Lesson 6 official topic

Is it true that Random Forest model does not get overfitted?

2 Likes

Also for data, dropout in deep learning is very similar to bagging in random forest.

1 Like

Would you ever exclude a tree from the forest if had a ‘bad’ OOB error?

2 Likes

In terms of ML explainability, feature importance of RF model sometimes has different results when you compare it to other explainability techniques like well-known SHAP method or LIME. In this situation, which one would be more accurate/reliable? RF feature importance or other techniques?

1 Like

Just some comments or thoughts (and questions) please:

  • We could go on and create ensembles (and more) of bagged models, and I assume they would result in better performing models - so also, question here: when should we stop?

  • Another question regarding ensembles: if we’d like to create ensembles of ensembles, then are bagged models combined with bagged models a better approach, than, say: creating an ensemble of bagged model with a different ensemble technique, like stacking?

Yes, later this year. check out Walkthru 13 and Discord discussion.

4 Likes

How does random forest compare to bootstrapping?

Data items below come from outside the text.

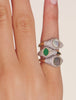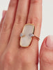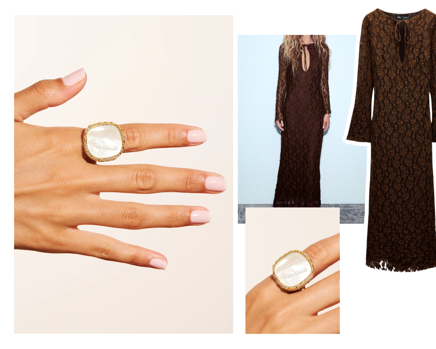 Mother-of-pearl, soft and luminous, illuminates a winter outfit with a discreet but striking elegance. With its central stone and sculptural curves, the Dona ring is the first volunteer to invite itself to your side. As soon as it is put on your finger, it will subtly stand out. In this same family of XXL pieces, the Sangha ring is slightly more minimalist but just as remarkable! It likes to play on contrasts and stands out as an ally of choice for those who love jewelry with a strong character. The Tara hoop earrings bring that little twist so appreciated: light and full of freshness, they never fail to add a touch of modernity to your look. To complete the whole, the Sangha necklace , (re)known for its dazzling pendant, acts as a final point: luminous, but without stealing the spotlight from the rest of the jewelry.
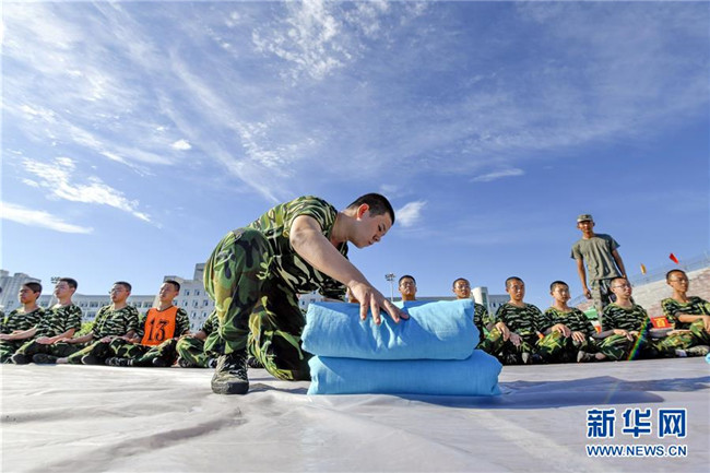 8月25日,河北省遵化市第一中學學生進行內(nèi)務整理訓練。新華社記者 牟宇 攝
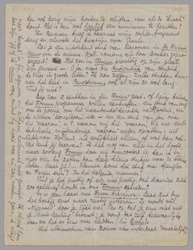 Ik had een heel mooi panoptikumpje in het hoofd over een zekere Achille Rezzonico, een patriot die in Lugano een toren van ijzer heeft gesmeed en dat met eigen commentaar aan iedereen vertoonde (de man was tot een zelfreclame en zelfcultus gekomen, zóó naïef, dat het ‘onthullend’ werd); maar de omstandigheden waarin ik nu weer zit dooden iedere lust tot schrijven, en vooral van zulke dingetjes. Ik scharrel als een idioot (het is niet te sterk uitgedrukt) tusschen het ziekbed van mijn moeder en allerlei verborgen (en dus moeizaam op te diepen) paperassen, en tusschen notarissen, advocaten en assurantie-agenten, dat zelfs Coster medelijden met me zou krijgen! Ik ben ook bezig mijn boeken te schiften, voor als de ‘krach’ komt. Het is dan wel heerlijk een minimum te bezitten!
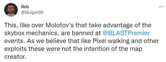“利用空气墙机制的燃烧弹在BLAST系列赛事是不允许使用的,我们相信像‘像素点位(由于建模问题可以让玩家站在一个像素点上,实际效果很夸张)’或者其他地图漏洞一样,并不是地图创作者最开始的意图。”
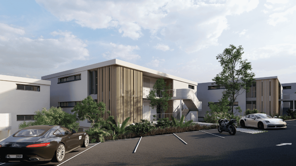 This contemporary minimalist estate showcases a sleek and refined design, characterised by clean lines and fluid indoor-outdoor living. Large glass doors and windows flood each space with natural light and enhance airflow, while warm wood accents, glass balconies, and a neutral palette of white, beige, and natural wood tones create a modern yet welcoming atmosphere. Every unit includes private landscaped gardens, generous terraces, and abundant greenery, blending sophisticated architecture seamlessly with the surrounding natural environment.
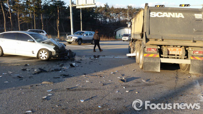 자전거 사망자 수는 277명으로 2014년보다 10명 줄었지만 레저인구 증가로 전체 자전거 교통사고 건수는 증가하는 추세로 나타났다.(강릉=포커스뉴스) 지난 16일 오전 7시 50분쯤 강원 강릉시 강동면사무소 인근에서 발생한 교통사고. <사진제공=강원 강릉소방서>
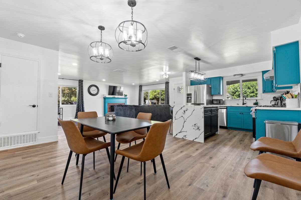 Leve toda a família a este ótimo lugar com muito espaço para se divertir. Quatro quartos, cinco camas e dois banheiros, cozinha totalmente equipada com todos os itens essenciais de cozinha, churrasqueira, panelas e frigideiras, panela de arroz, cafeteira K-cup, estações de trabalho dedicadas, TV de 65 polegadas na sala de estar. Três dos quatro quartos equipados com TVs também. Colchões de espuma de memória, grande quintal com árvores frutíferas. Convenientemente localizado em SE Visalia, a apenas 35 minutos do Parque Nacional da Sequoia. Animais de estimação são bem-vindos.
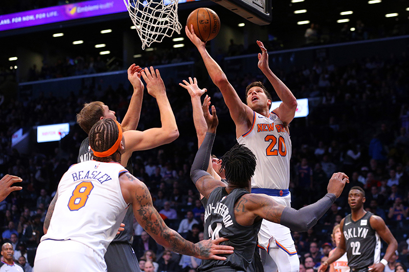 Néanmoins, l’ancien joueur des Bulls et du Thunder commence à trouver des pistes pour gagner en efficacité. Il affiche d’ailleurs son meilleur pourcentage au tir en carrière, avec 49.5% d’adresse depuis le début de saison. Et il n’est pas mal non plus à l’extérieur puisqu’il est à 41.5% de réussite sur les tirs à plus de 7m25 depuis son transfert à New York.
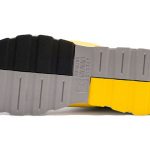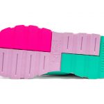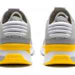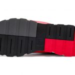 Las inserciones acolchadas de color rojo y amarillo inspiradas en los botones de la consola del juego se muestran en la entresuela, mientras que la suela tiene un diseño moderno que bloquea el color. Los logotipos R-System están presentes en la lengua y la suela.
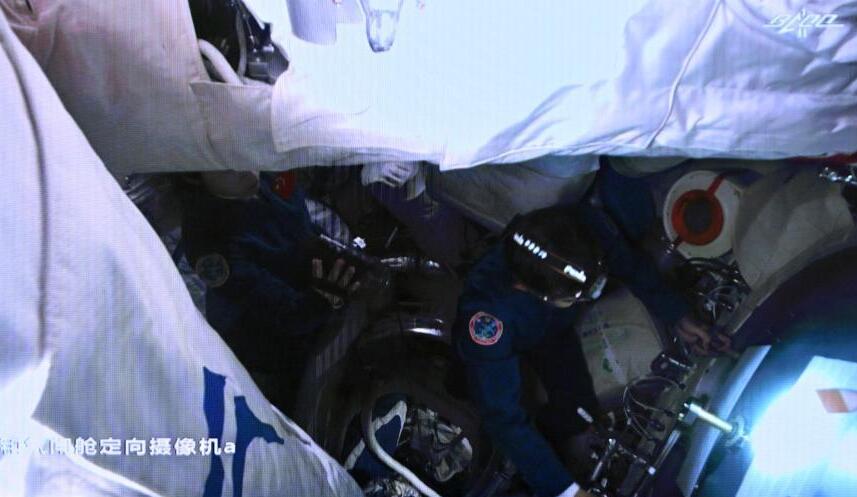 陳冬飛行士がコアモジュール「天和」のハッチを開(kāi)く様子。
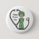 Tenemos una enfermera de sexo femenino en ropa quirúrgica verde en este botón. ¡En el fondo es un estetoscopio grande! El texto en esto se puede cambiar para tener un nombre, un hospital, o lo que usted desea. Esto cabe todos los botones del tamaño también.
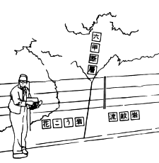 撮影地を記入した地図を狭い境内にひろげ、太陽光線とカメラの角度、撮影高度などを打ち合す。白水峡の上空では、琵琶湖は見えなくてもよいから、京都盆地の東山達蜂が遠望できる高度までのぼって欲しいと頼む。テキパキと要領よく、無駄のない機長の質問にくらべ、やや興奮気味で不得要領な説明をくり返すのが淋しい。

“Statistical Modeling: The Two Cultures” by Leo Breiman as mentioned by Jeremy in the lecture.

6 Likes

Is there any relationship between random forests and having an equivalent number of weights and relu activations in a similarly deep neural network? Can random forests just be implemented with a sufficient DL network?

1 Like

On the overfitting aspect:

If we use random forest to do feature importance to get the best columns in a dataset, and then use random forest also for creating the model, would that translate to overfitting?

2 Likes

When you are working on tabular data, how do you go on trying different models like random forests, gradient boosting, neural networks etc…? How is that decision being made, is there any benchmarks like which image models are best in tabular world also?

1 Like

Do you use AutoML frameworks to help improve your iterations in a more automated way and if yes which AutoML frameworks or services do you recommend?

1 Like

If you’re using Linux or WSL autosklearn is a good library to try out. As the name suggests, it is closely related to/ based on sklearn, which you probably already have some familiarity with.

1 Like

Do you create different Kaggle notebooks for the different models you try? So one Kaggle notebook for the first (base) model… and separate notebooks for subsequent notebooks? OR, do you put your subsequent models in the bottom part of the same (the base model) notebook? Just wondering what’s your ideal approach?

3 Likes

I see there’s a dedicated framework for PyTorch: GitHub - automl/Auto-PyTorch: Automatic architecture search and hyperparameter optimization for PyTorch

1 Like

Interesting answer regarding AutoML. I thought those frameworks didn’t necessarily exhaustively search the optimisation space and it was possible to do something similar to what Jeremy is saying, i.e. just try to tweak a few parameters at a time on a few simple models to get results more quickly.

1 Like

when I use tta during my training process, do I need to do something special during inference? It seems to me this is something you use only during validation, right?

2 Likes

What is the reason behind models taking even images of models in 224x224 square and also rectangular shape ?

1 Like

Yes, TTA is to be done only during inference

3 Likes

gpu need all imaes in the same size to run them in parallel, they could be square, rectangle format as long as all of them are the same size.

4 Likes